We are having NVIDIATesla V100-PCIE-32GB running SYS-1029GQ-TRT and for past few months we are facing the issue on VMs getting hung and it went to black screen and only option is to reboot the VM.
Below are the details of the machine
Remoting Solution / Method of connecting to VM = HP RGS (HP Remote Graphics Receiver)
Version or Release of Remoting Solution = 184.108.40.20600
Endpoint Client Information = Windows 10 x64 20h2
Number of displays / Display resolution = Single Display. (2560×1600)

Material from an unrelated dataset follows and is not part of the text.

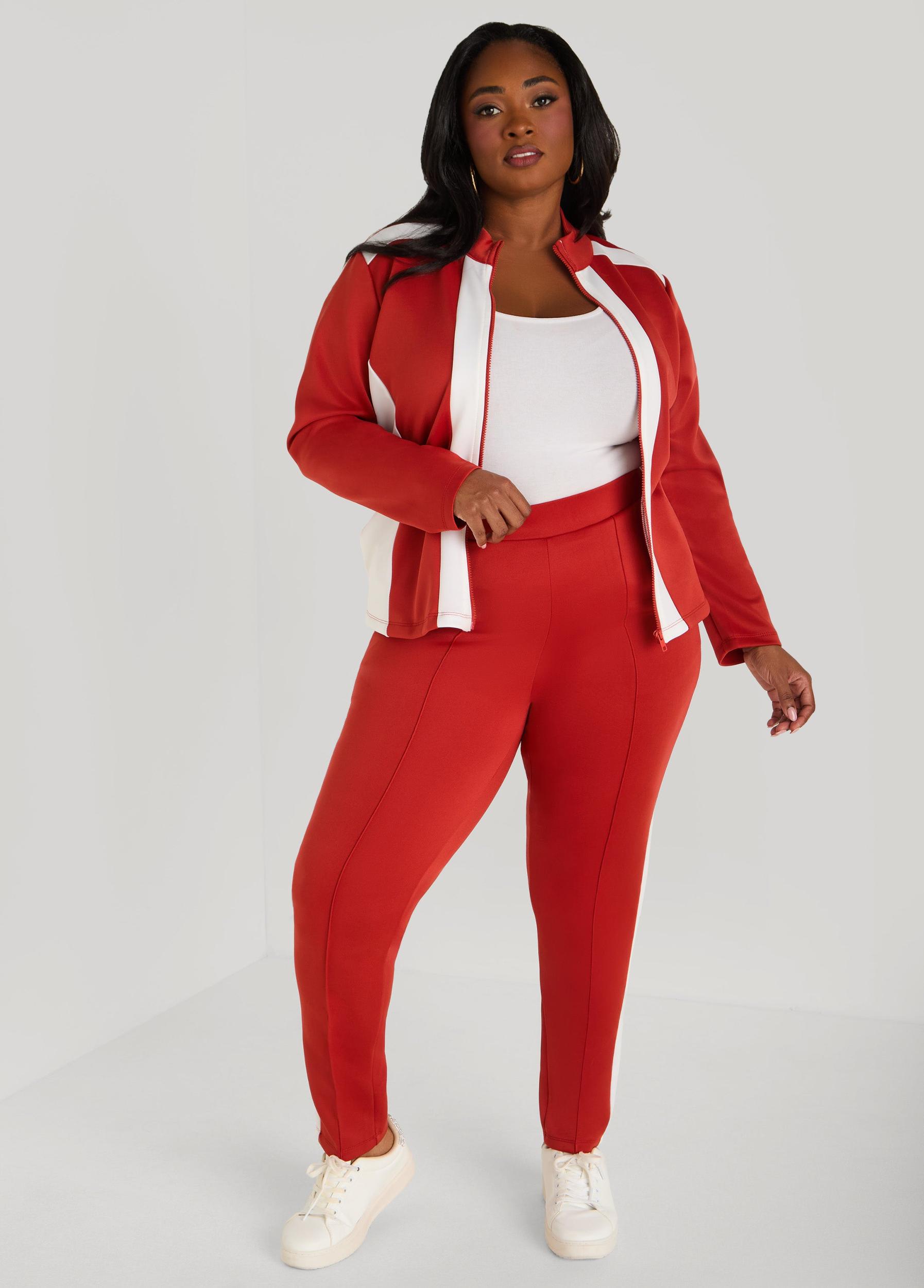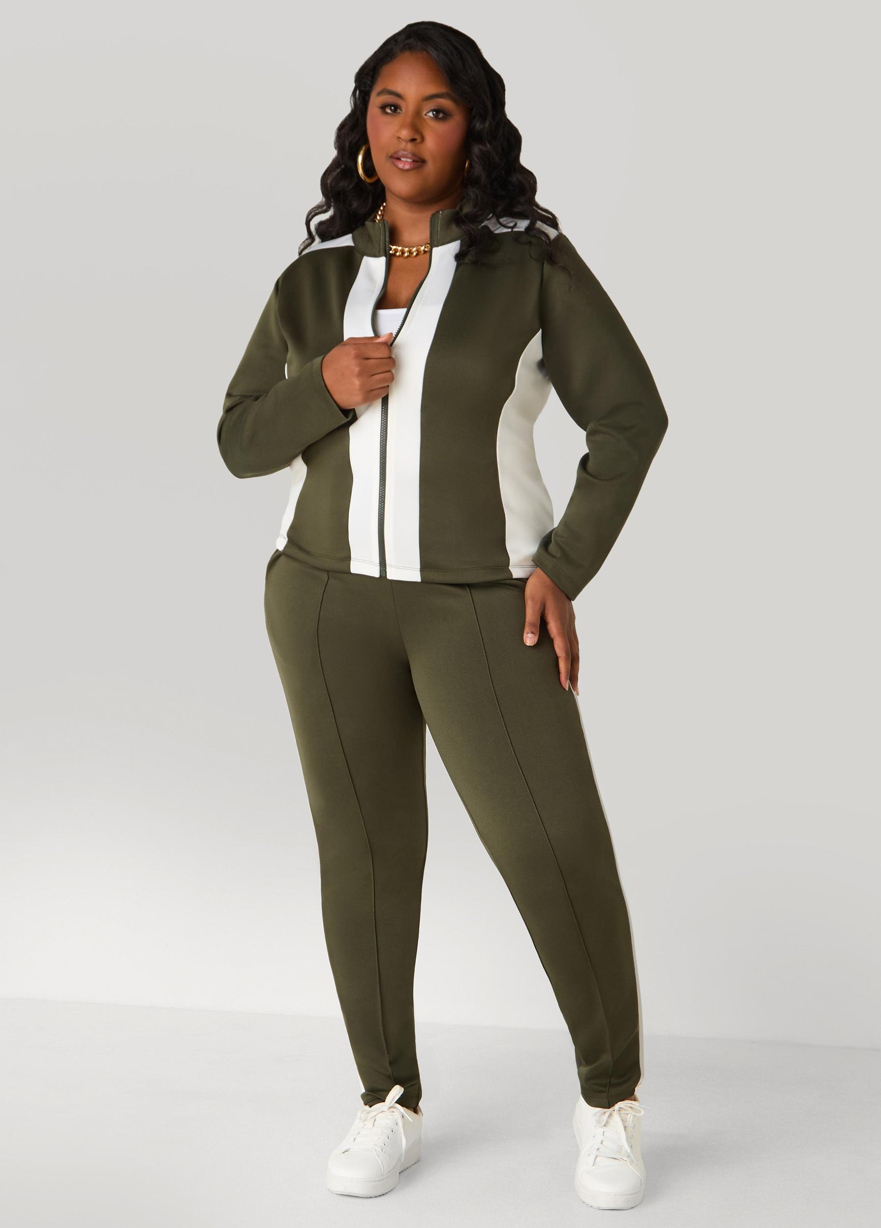 These two-tone leggings hug high at the waist with pintucked panels and side pockets that keep things cute & casual. Pull on and pair with the matching jacket for a set made to turn heads.

Type (Thin, Fat, Mobile Client) = Thin
NVIDIA analyzed the logs and noticed the error NVOS status 0x19 is repeated multiple time with VGPU message 21, VGPU message 52 . This is known issue – 5.11. 11.0 Only: Failure to allocate resources causes VM failures or crashes and got resolved in vGPU Software 11.1 . There are some Xid 43 and Timeout detection and recovery (TDR) errors also seen in logs but they can be side effect of this main issue. So go ahead and install latest vGPU Software 11.5 on both esxi host and guests/VMs. You will find drivers at – https://ui.licensing.nvidia.com/software .After updating the driver , issue got fixed.